The streets of Old San Juan

The Puerto Rican capital has a history which goes back over 500 years.  Founded by the Spanish at the end of the first decade of the 16th century, it was originally known simply as Puerto Rico but by 1521 went by its proper name of San Juan Bautista de Puerto Rico (which these days has become just San Juan).  Though you could be forgiven for thinking the city’s American, it’s not quite: the Spanish eventually ceded the island to the USA at the end of the Spanish-American War in 1898 and it’s been a self-governing territory ever since.  That Spanish flair is still much in evidence in Old San Juan, however.


Within the metropolitan area of San Juan which sprawls for miles, the area of settlement that occupies a narrow peninsula on the island’s north coast, bounded by Fuerte San Cristóbal and Castillo San Felipe del Morro, is known as Old San Juan.  The geography of San Juan naturally lent itself to providing a safe harbour.  It’s still a busy port today receiving a steady stream of cargo and cruise ships.

In its early days, San Juan’s location at the eastern edge of the Caribbean led to its development as a defensive stronghold, hence the heavy fortifications that you can still see today.  They comprise not only those two forts but the thick, almost impenetrable, walls that encircle the city and the imposing Puerta de San Juan located on the south western flank of the city.  As the 16th century progressed, Old San Juan came under attack from numerous forces, among them Francis Drake, whose men were adversely affected by a dysentery outbreak and fled, tails between their legs.  They wouldn’t be the last.

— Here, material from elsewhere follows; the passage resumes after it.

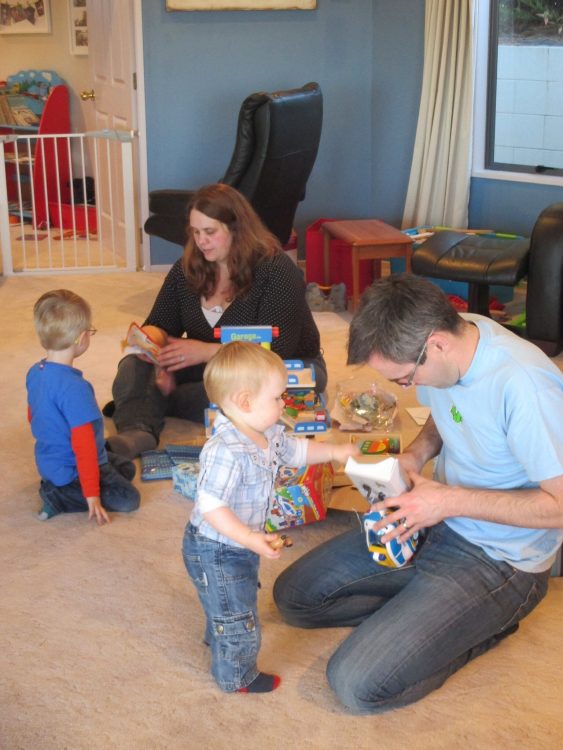 But after a crash course from his big bro, and with some help from Mum and Dad, he really got into tearing the paper off and investigating the contents!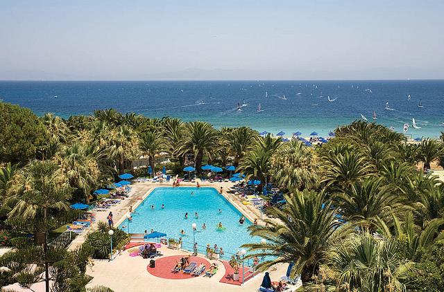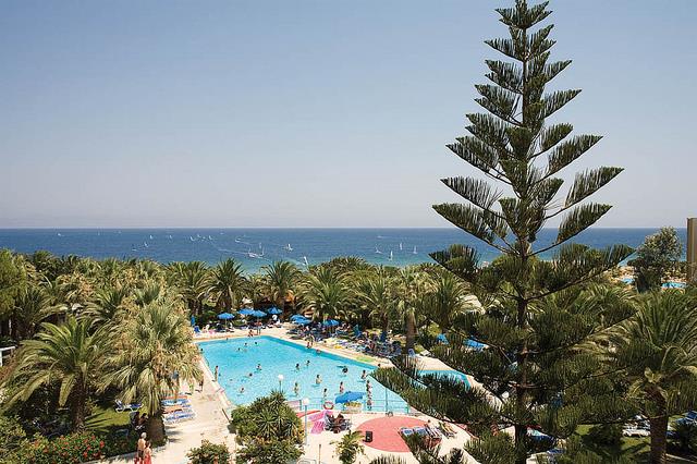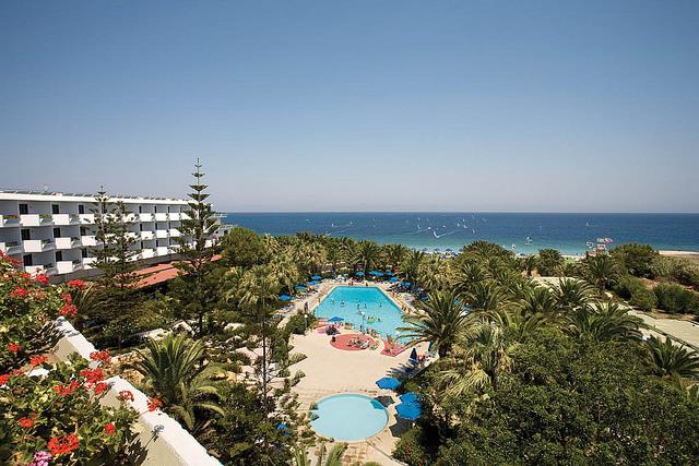 Blu horizon hotel ndodhet ne breg te detit vetem 10 minuta larg nga qendra e qytetit te Rodosit dhe aeroportit te tij dhe ofron cilesi te larte sherbimi dhe akomodimi per te gjithe te ftuarit e saj. Ketu do te gjeni ambjente luksoze rrethuar me gjelberim dhe parqe me lule shumengjyreshe duke ju dhene ndjesine e kenaqesise dhe te clodhjes. Natyra ne kete zone eshte unike me nje det fantastik dhe mjaft te paster qe ndodhet per vlerat e tij te pastertise. Ne dispospozicionin tuaj jane 211 dhoma te arredura me kushte moderne dhe mjaft luksoze per nje qendrim sa me perfekt. Dhomat jane te ndara ne : dhoma dyshe , bungalow me pamje nga kopeshti dhe bungalow me pamje nga deti. Ketu do te gjeni mundesi te pafundme argetimi dhe clodhje sic jane : terrenet sportive , sportet e ujit , pishine e brendeshme ,pishine e jashtme me rreshqitese dhe pishine per femije te pajisura me cadra dhe shezlongje per tju dhene kenaqesi dhe ndjesi clodhje. Kurse profesionale serfi dhe sportet e ujit per te gjithe aventurieret e zbulimit te botes nen ujore koralore. Baret dhe restorantet : Hoteli operon me sherbimin half board dhe sherben mengjesin dhe darken ne restorantin kryesor me gatime speciale nga guzhina greke dhe ajo internacionale. Pool bar , beach bar – sherbejne pije pergjate gjithe dites duke filluar nga pijet e ngohta, pijet e ftohta, pijet alkolike dhe ato te importit.

The narrow European-style streets of Old San Juan are a far cry from the wide boulevards lined with high rises and flanked by shopping malls that characterise other parts of the city.  Here, cobbled surfaces bear the distinctive blue setts known as adoquines.  They’re not granite, as you might think, but instead made from the slag of iron furnaces and used as ballast on ships arriving from Spain.


One of those Spanish ships brought Juan Ponce de León, whose remains can be found in front of an egg yolk yellow wall of the city’s bijou cathedral.  Like many conquistadors seeking a new life in the New World, he was escaping a life of poverty and a region devoid of opportunities for the ambitious.  His travels took him first to Florida and then to Puerto Rico, and it is he that is credited with the foundation of the island’s first settlement, Caparra, which predates Old San Juan by a few years though wasn’t to last.


Ponce de León was the island’s first governor but he didn’t remain long in Puerto Rico.  Off exploring, he was fatally wounded by a poisoned arrow and died in Cuba.  The family home, Casa Blanca, is significant as the oldest continuously occupied house in the city.

One of the great delights of a visit to 21st century Old San Juan is simply to wander.  Many of the buildings are painted in bright colours, making this a photographer’s dream.  Several tourist trolleys loop the old town, but to truly appreciate the architecture and atmosphere, strolling through its streets and lingering in its many parks and squares is a must.


Each has its own identity, from the tourists that feed the pigeons which flock to Parque Las Palomas, to the many characterful statues and sculptures that you’ll find camouflaged with verdant planting.  The shade provides welcome respite from the Caribbean sun, enabling visitors to recharge their batteries before continuing their exploration of this delightful place.


When you do finally run out of steam, there are many cafes and restaurants where you can try the uniquely Puerto Rican dishes.  Mofongo, a dish of mashed plantains topped with shrimp or chicken, is a staple and a must-taste.  For a snack, the ubiquitous Mallorcas, pastries filled with cheese, guava jam, ham or eggs and dusted with icing sugar, is a tasty way of staving off the hunger pangs.  And don’t leave without trying the coffee: rich and smooth, the addition of sugar would be a sin.